3. IDN (Internationalised Domain Name)

What is an IDN (Internationalised Domain Name)?

An IDN or Internationalised Domain Name is an Internet domain name which may include special characters which are not defined in the ASCII standard. These special characters include, in particular, accented characters (e.g. é, à) or umlauts (e.g. ü, ä), which are common in numerous European languages, including German and French, and characters which do not form part of the Latin alphabet, such as Cyrillic, Chinese or Arabic characters.

Certain registries already permit the use of non-ASCII characters for second level domain names. Since users' requirements around the world differ, not all registries include the same special characters on their list. Enquiries should therefore be made with the registry concerned as to which characters are permissible for registration of a domain name.

The use of non-ASCII characters is possible not only for the creation of a second level domain name but should also be possible for the creation of a new gTLD.

Can I register an internationalised domain name (IDN) in the ".ch" top level domain?

Registration of domain names which include a restricted number of non-ASCII characters is possible in the ".ch" top level domain. Further information, in particular the available characters, can be found in the technical and administrative rules concerning the assignment and management of second level domain names under the ".ch" domain (CC 784.101.113/2.13):

Rules concerning ".ch" domain names (CC 784.101.113/2.13)

What risks may arise for owners of intellectual property rights and how can these owners protect themselves against the creation of domains with non-ASCII characters which are damaging to them?
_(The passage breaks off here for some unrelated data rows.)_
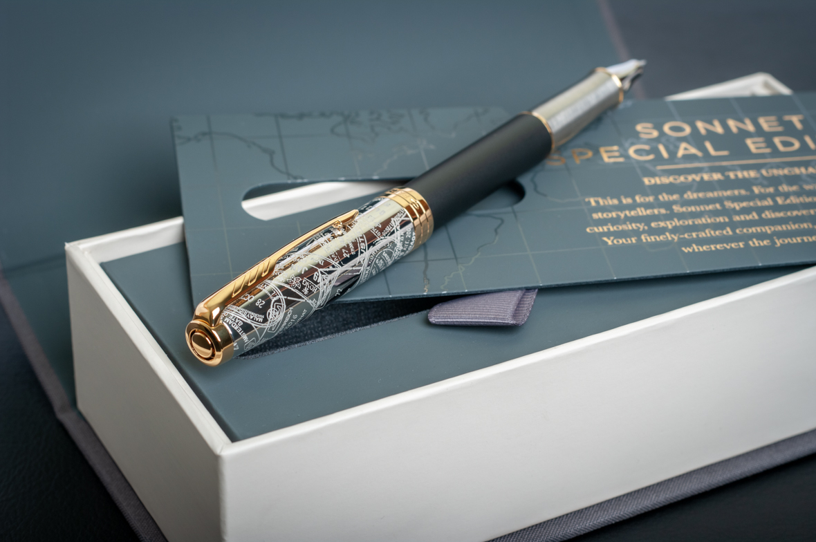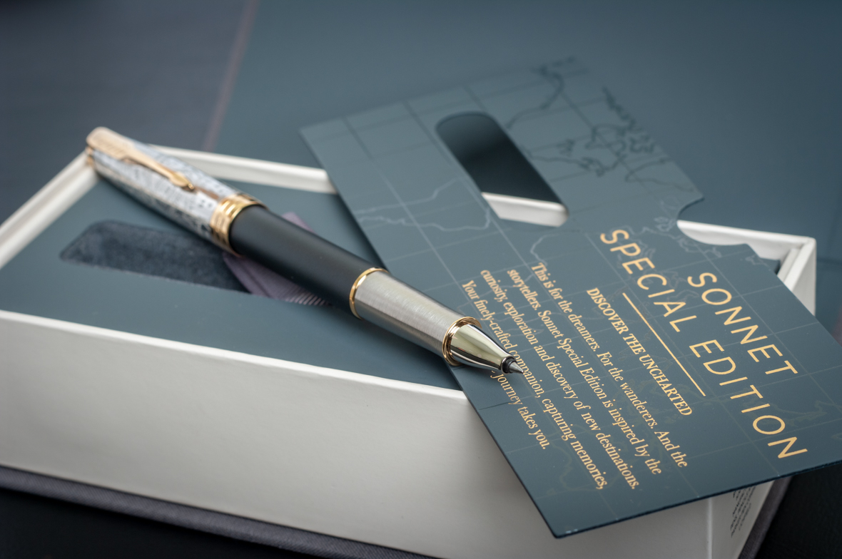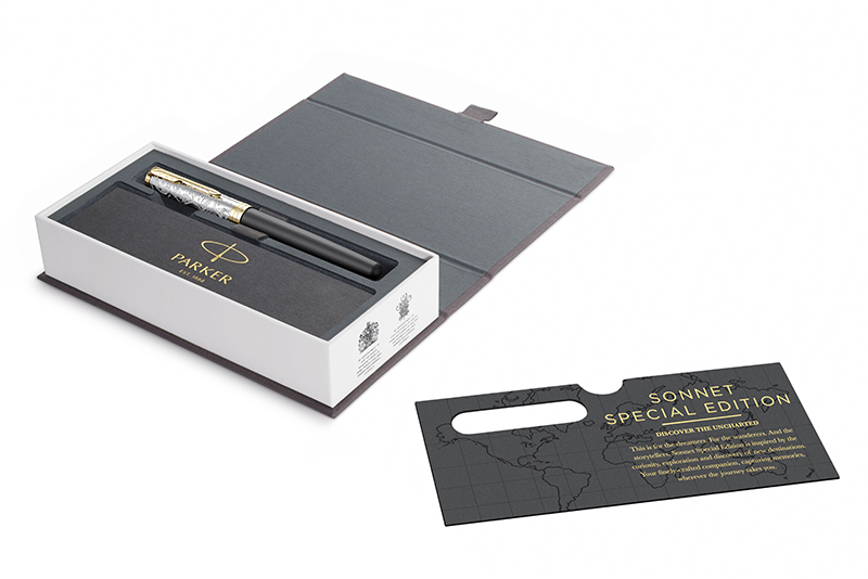 Ручка роллер Parker Sonnet Special Edition 2018 Impression Matte Black GT от официального дилера Parker в Кургане. Вы можете дополнительно заказать гравировку, которая подчеркнет Вашу оригинальность и придаст памятность статусному подарку. Все ручки Паркер поставляются в фирменном футляре.
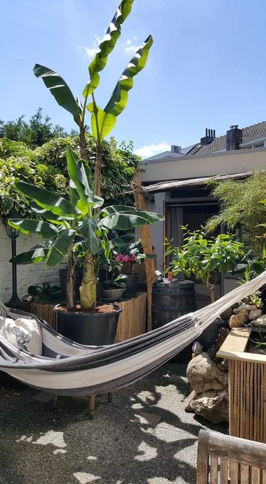 Maar ik ga echt niet naar binnen slepen. Dat is een werk....ach wordt de banaan een echte wilde van :lol:
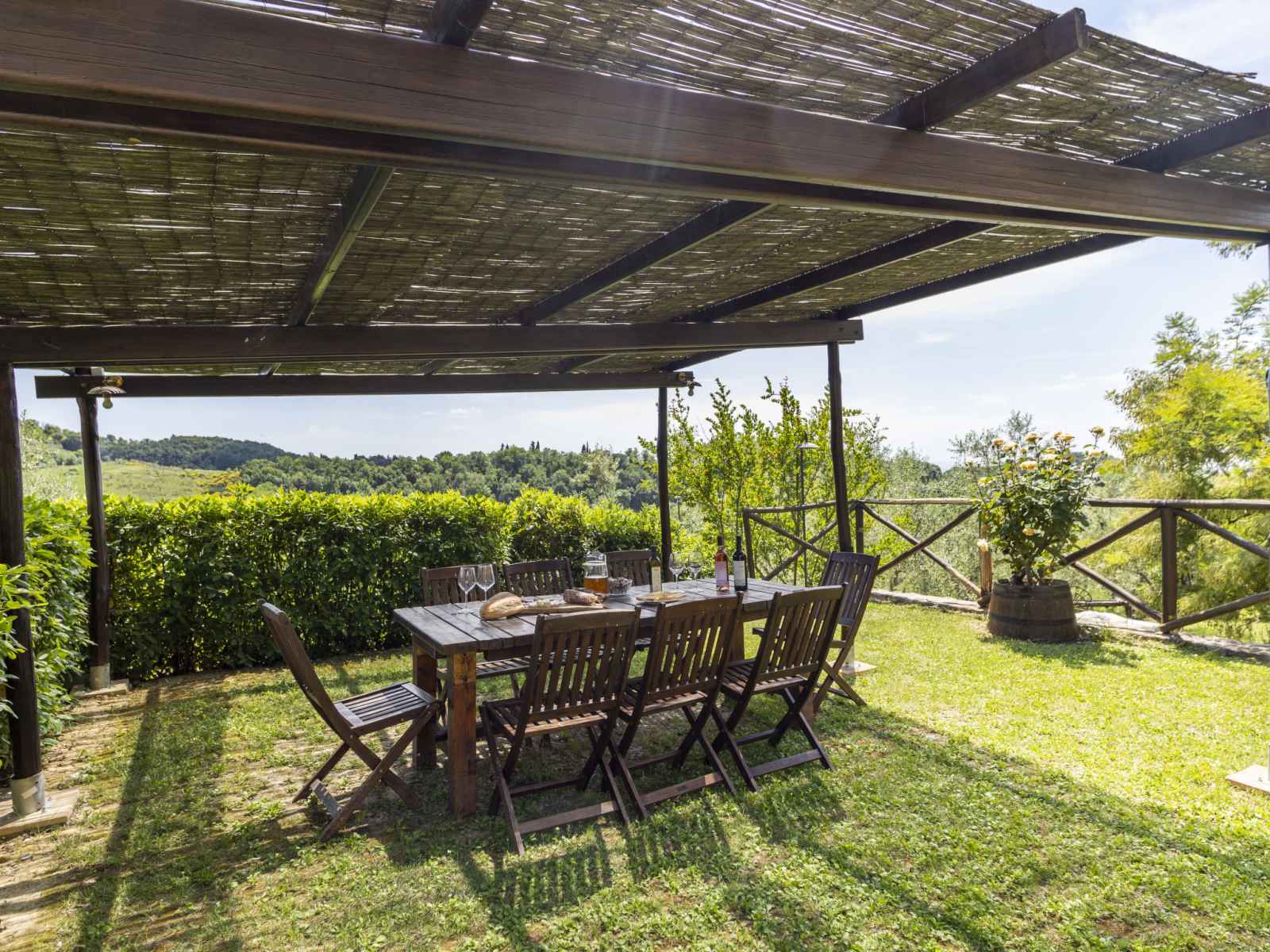 demande, 20 euros la semaine. domaine agricole rustique "le buche". À 14 km du centre de castellina in chianti, à 38 km du centre de siena, à 49 km du centre de firenze, situation tranquille, ensoleillée, dans la verdure. en commun: piscine cloturée (6 x 12 m, profondeur 130 - 230 cm, disponibilité saisonnière: 12.avr. - 01.nov.). ping-pong, barbecue. infrastructures de la maison: chauffage central, chauffage payable localement, possibilité de chauffage uniquement du 01.nov. - 15.avr.. accès en voiture jusqu'à la maison (600 m chemin non goudronné). place de parking sur le terrain. magasins 6 km, magasin d'alimentation 6 km, restaurant 6 km, arrêt de bus 6 km, gare ferroviaire "poggibonsi" 6 km, centre thermal "rapolano terme" 64 km. terrain de golf (9 trous) 10 km, tennis 6 km, centre équestre 10 km. attractions à proximité: barberino val d'elsa 16 km, san gimignano 21 km, monteriggioni e san donato 22 km, radda in chianti 24 km, badia a passignano 25 km, volterra 40 km. vente locale de produits de la ferme.
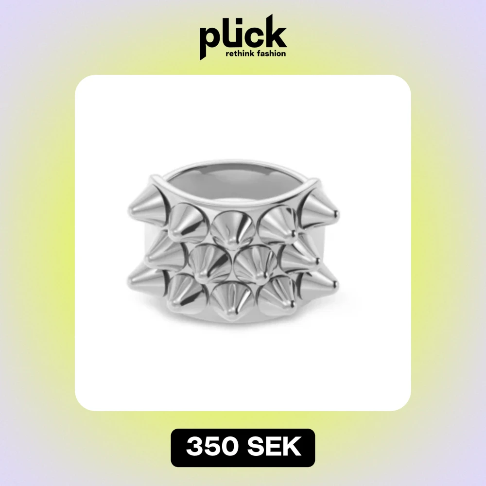 Edblad ring - Cool bred ring i blankt silverfärgat material med flera spetsiga nitar runt hela ringen från Edblad. Ger en edgy och unik look, perfekt för dig som vill sticka ut med accessoarerna. Pris går att diskuteras och hör av er om fler bilder eller om ni har några frågor. Tror storlek 18,50

There is a risk that a third party may, without the knowledge of the owner of intellectual property rights, register domain names, including non-ASCII characters, which are similar or identical to a brand, either in the same domain or in another top level domain. Owners of intellectual property rights must therefore ensure that they are protected, by employing various preventive and defensive means to be applied when necessary in respect of the domain concerned.